WORK REQUEST
Set down, exactly as written, the lines from the line holding "открыть нужную страницу." to the end of the data, inclusive, skipping any pictures.

DATA SECTION Block Start

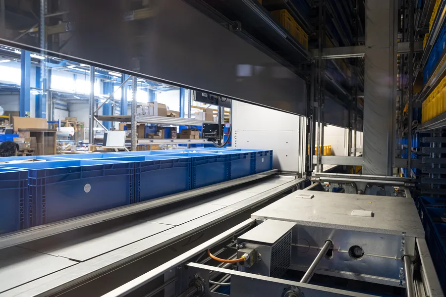 The vertical stackers work together via VertiNode Ai software, which we developed in-house. VertiNode Ai also interfaces with the client‘s warehouse management system (WMS). The loading of goods and their subsequent picking is thus managed using artificial intelligence (Ai), which, based on data from the WMS system, optimises the maximum capacity utilisation of each stacker over time.
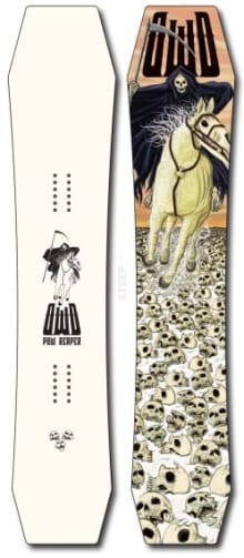 "Again and again, the Pow Reaper is the board of choice for those in pursuit of enhancing their powder day experience to a level that could only have been negotiated with the pale rider himself. Riser camber packed with a Carbon-V in the nose and a tapered profile keep you..."
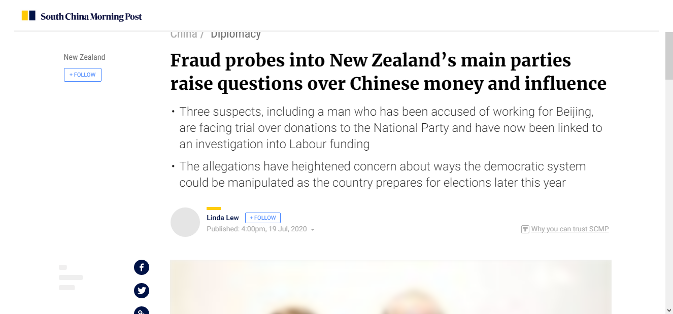 The Ortis affair has unequivocally outed New Zealand as the weakest link in the Five Eyes alliance repeatedly. But in this case blame can be pointed at both the governments of Helen Clark (Labour) and John Key (National) with Key actually changing charity tax laws in 2009 to benefit money laundering groups. While both Labour New Zealand First and National have featured prominently in cases by the Serious Fraud Office tied to inappropriate donation by parties backed state owned Chinese interest tied to Chinese military intelligence.
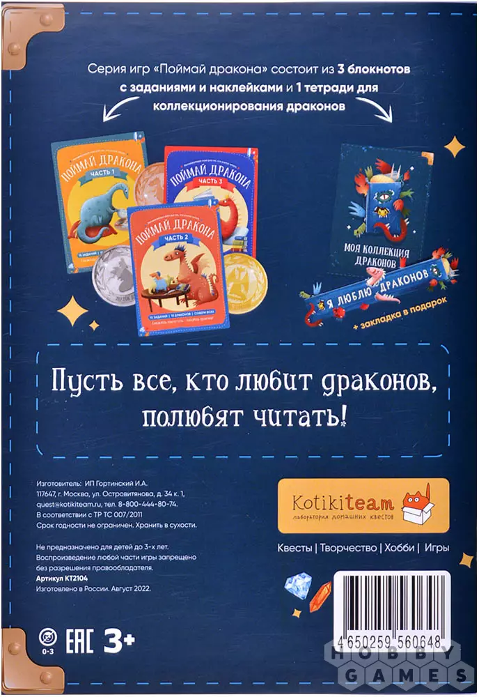 "Моя коллекция драконов" – это тетрадь, которая пригодится юным искателям. Она относится к серии квестов "Поймай дракона" и создана для хранения наклеек драконов, которых дети смогли отыскать в ходе решения квестов. В комплекте с тетрадью идёт закладка, которая поможет быстро открыть нужную страницу.
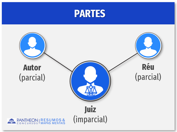Importante: todas as pessoas que participam do processo (juiz, autor, réu, servidores da justiça, Ministério Público, advogado, peritos, intérpretes, testemunhas etc.) são sujeitos do processo, mas apenas o demandante (autor) e o demandado (réu), polos ativo e passivo, respectivamente, recebem a denominação de partes do processo. O advogado, como veremos a seguir, é o representante das partes.
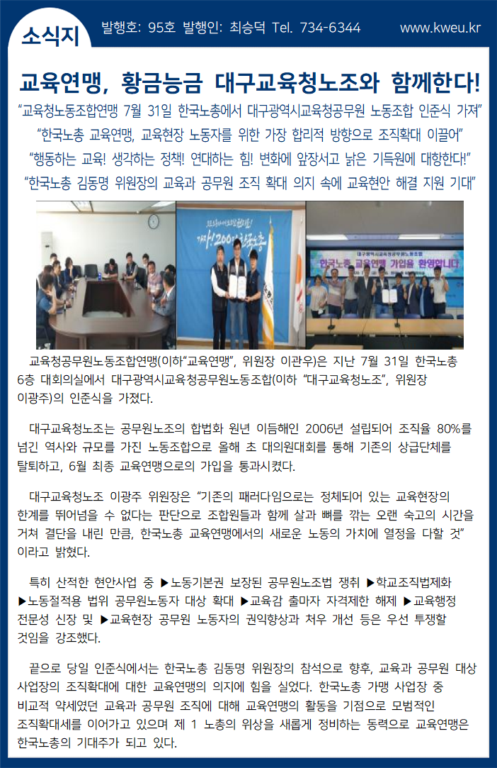 교육연맹, 황금능금 대구교육청노조와 함께 한다!
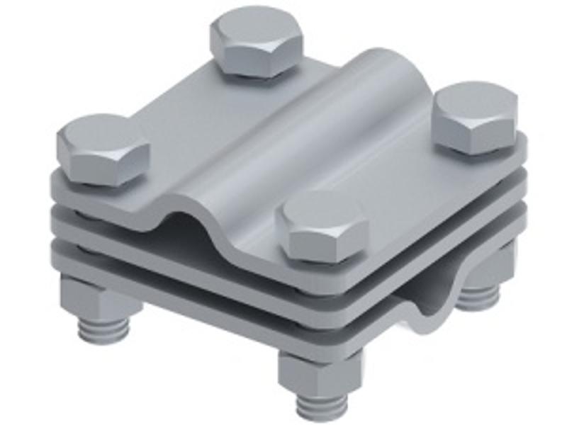 Соединитель крестовой 55х55 для параллельного, крестового и Т-образного соединения прутка диаметром 6-10 мм. С разделительной пластиной. Монтаж с помощью 4 винтов с шестигранной головкой M8 x 25 и 4 шестигранных гаек M8. Материал - горячеоцинкованная сталь.
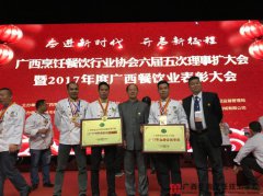 2018年1月23日上午,广西餐饮行业协会2017年度先进表彰大会在明园新都大酒店隆重召开了。我校被授予广西餐饮业校企行合作成就奖、金牌会员单位这无疑为我们今年的高速发展打了一剂强心针。我校大学路校区主任黄盛、
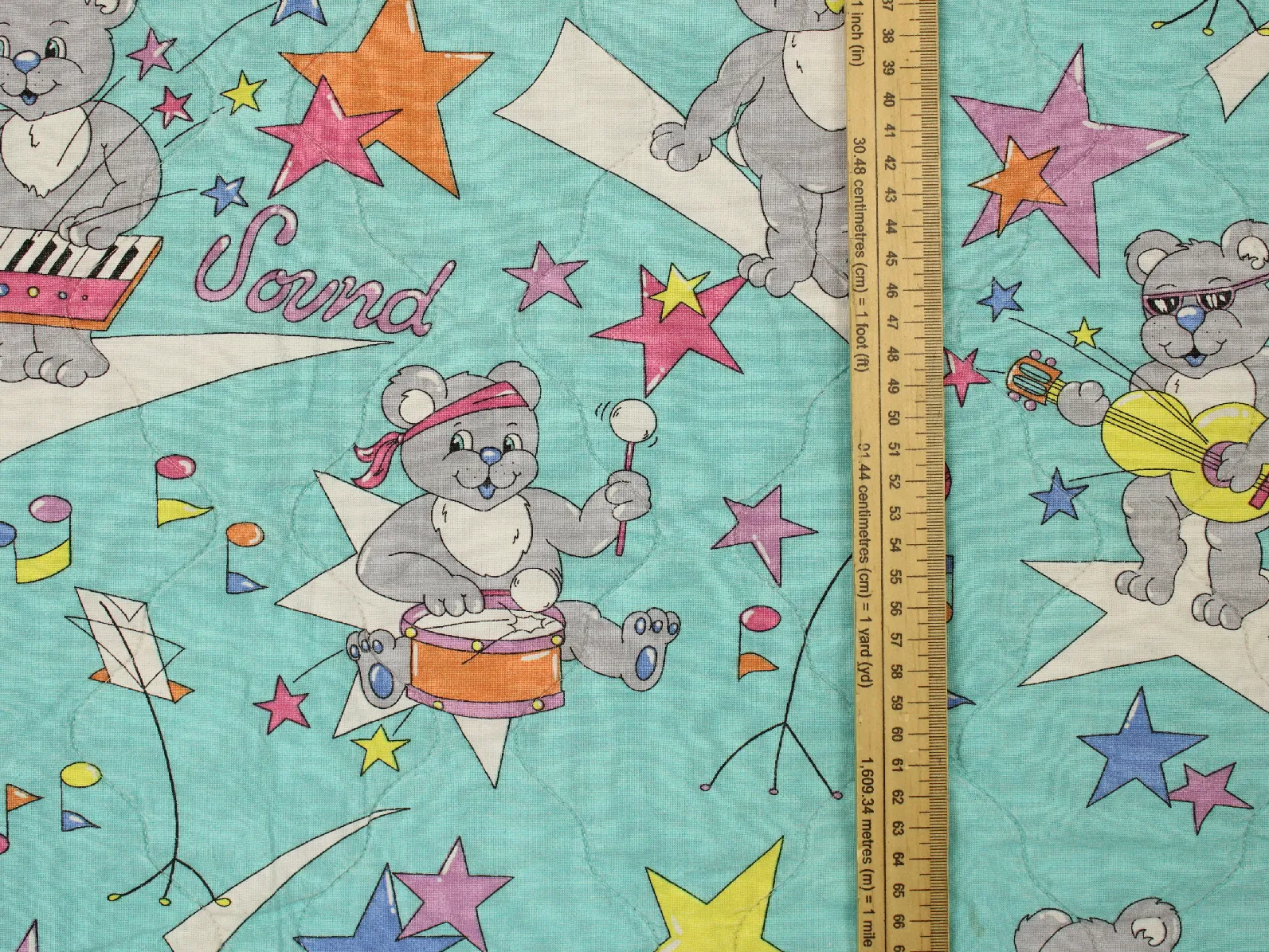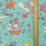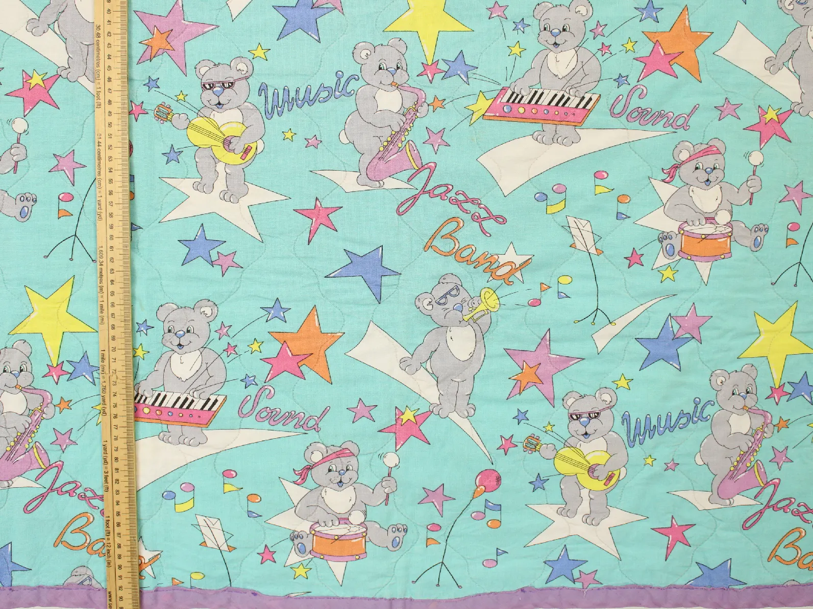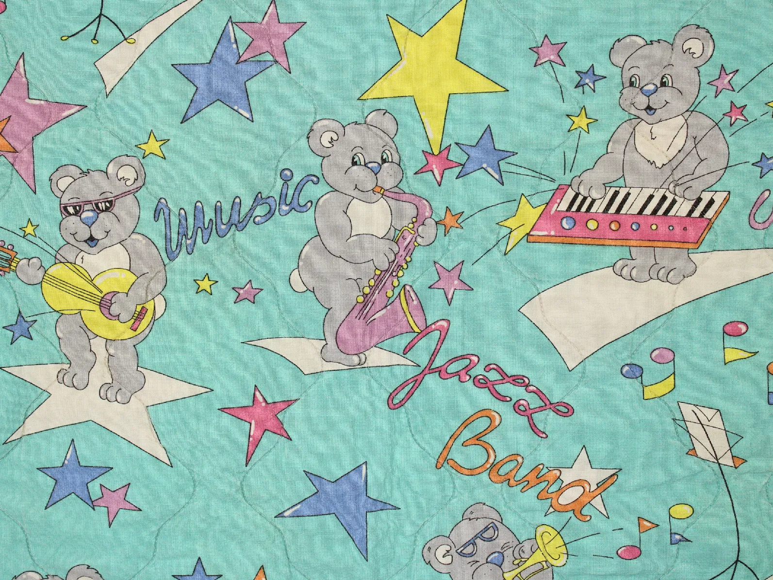 明るいグリーン地に、演奏するネズミキャラクター柄。

DATA SECTION Block End

THE ANSWER
 "Моя коллекция драконов" – это тетрадь, которая пригодится юным искателям. Она относится к серии квестов "Поймай дракона" и создана для хранения наклеек драконов, которых дети смогли отыскать в ходе решения квестов. В комплекте с тетрадью идёт закладка, которая поможет быстро открыть нужную страницу.
Importante: todas as pessoas que participam do processo (juiz, autor, réu, servidores da justiça, Ministério Público, advogado, peritos, intérpretes, testemunhas etc.) são sujeitos do processo, mas apenas o demandante (autor) e o demandado (réu), polos ativo e passivo, respectivamente, recebem a denominação de partes do processo. O advogado, como veremos a seguir, é o representante das partes.
 교육연맹, 황금능금 대구교육청노조와 함께 한다!
 Соединитель крестовой 55х55 для параллельного, крестового и Т-образного соединения прутка диаметром 6-10 мм. С разделительной пластиной. Монтаж с помощью 4 винтов с шестигранной головкой M8 x 25 и 4 шестигранных гаек M8. Материал - горячеоцинкованная сталь.
 2018年1月23日上午,广西餐饮行业协会2017年度先进表彰大会在明园新都大酒店隆重召开了。我校被授予广西餐饮业校企行合作成就奖、金牌会员单位这无疑为我们今年的高速发展打了一剂强心针。我校大学路校区主任黄盛、
 明るいグリーン地に、演奏するネズミキャラクター柄。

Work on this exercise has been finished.